White genocide is a political myth based on pseudoscience, pseudohistory, and ethnic hatred, and is driven by a psychological panic often termed "white extinction anxiety". Objectively, White people are not dying out or facing extermination. The purpose of the conspiracy theory is to justify a commitment to a white nationalist agenda that proposes to oppress BIPOC communities embrace xenophobia and stop immigration of non whites that would compete for resources believed wrongly to be in short supply. This belief is promoted online to vulnerable communities and individuals likely to be in support of calls to violence.

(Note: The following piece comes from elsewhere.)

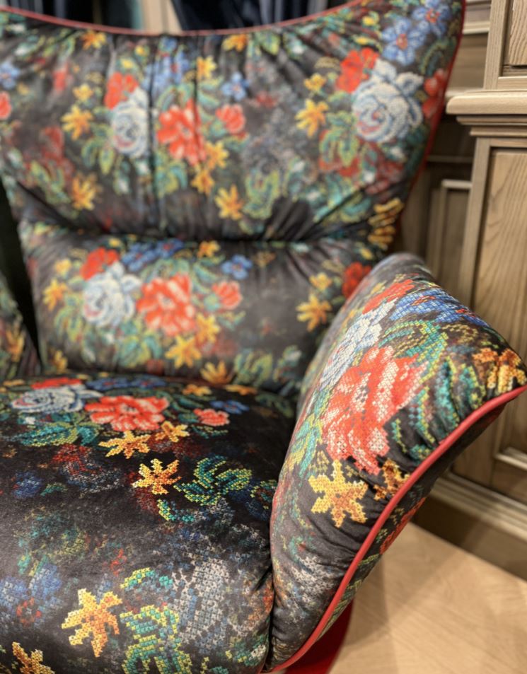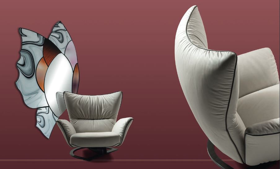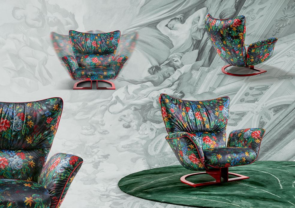 Sviluppo dello stabilimento SIGNORINI COCO. Poltrona ORCHIDEA factory collezione DAYTONA WONDERLAND La struttura è realizzata in acciaio, tirata insieme da elastici. Cuscino seduta in poliuretano espanso a doppia densità. Base girevole in acciaio fissata alla struttura portante. Le gambe sono in acciaio verniciato. Disponibili diversi tessuti secondo campionario di fabbrica.

"It’s well documented that increased heat and climatic instability leads to increased rates of violence. That means within households, between strangers, from the state (often police) against civilians, and even between states. Now, imagine that playing out in a world like ours, where conflicting media ecosystems have turned into fractured realities that have turned into a sort of choose-your-own hellscape that has turned our society into fighting factions without clear sides. Add climate change on top of that, and you’ve got a recipe for catastrophe—and it wasn’t denial that got us here..." Says Climatologist Mary Annaise Hegler.


Climate denial has been going out of vogue on the right for years now, giving way to the more “rational” climate delay or dismissal. Under this school of thought, right-wing pundits admitted that if climate change were real, it wasn’t that big of a deal. Let’s take Ben Shapiro, for example, who is famous for his stance that even if the seas rise, people will just sell their houses and move. Now, if you take this argument in good faith, it’s incredibly stupid—but it’s Ben Shapiro, so it’s inherently bad faith.

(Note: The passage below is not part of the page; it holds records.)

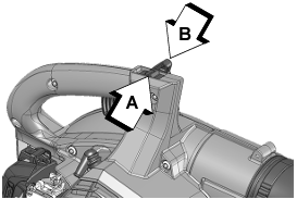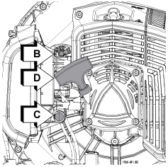 - Press the decompression device (B). If the unit is equipped with a purge bulb, press the purge bulb (B) until fuel enters the bulb.
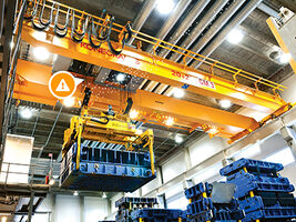 Semi-automated die gripper cranes used in stamping plants are changing the landscape of automotive manufacturing. Modern dies with lifting pins at all four corners can be picked up from the die warehouse with a die gripper attachment and loaded onto bolsters on each side of the press. While ordinary cranes need an operator plus a two-man rigging crew to pick up a die, Konecranes die gripper crane allows the operator to do the job alone in semi-automation mode, using cameras mounted on the trolley or the gripper that live-stream a view of the operation to the display on the radio controller.
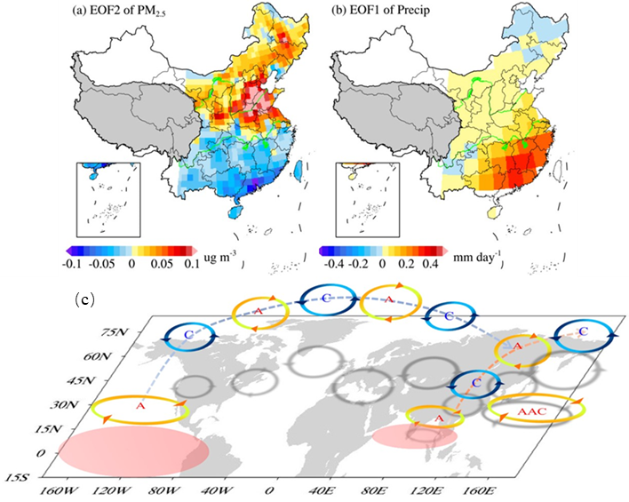 图1.中国东部冬季(a)PM2.5浓度的EOF第二模态和(b)降雨的EOF第一模态;(c)强东部型El Niño影响中国东部“南降雨—北污染”的主要途径

Climate delay, much like climate denial, was always a ruse. Shapiro is not stupid; he’s evil. He knows good and well everybody can’t move when the water comes—he just doesn’t care about the folks who don’t have the resources to move. Their lives do not matter to him regardless of their color the poor are a tool to keep power in the hands of a select few who usually are the ones who profit the most from delaying progressive change that could save the bulk of humanity from the ravages of a changed climate. Add to that the fact that high temperatures due to climate change cause more male births than female that's not the least of the problems. Increasingly high temperatures can harm fertility and birth rates as we are seeing now in real time globally. According to research by UCLA environmental economist Alan Barreca, sperm production falls in hot weather and this leads to even greater overall lower birth rates, which of course would be mostly males, with each generation having a lower sperm count.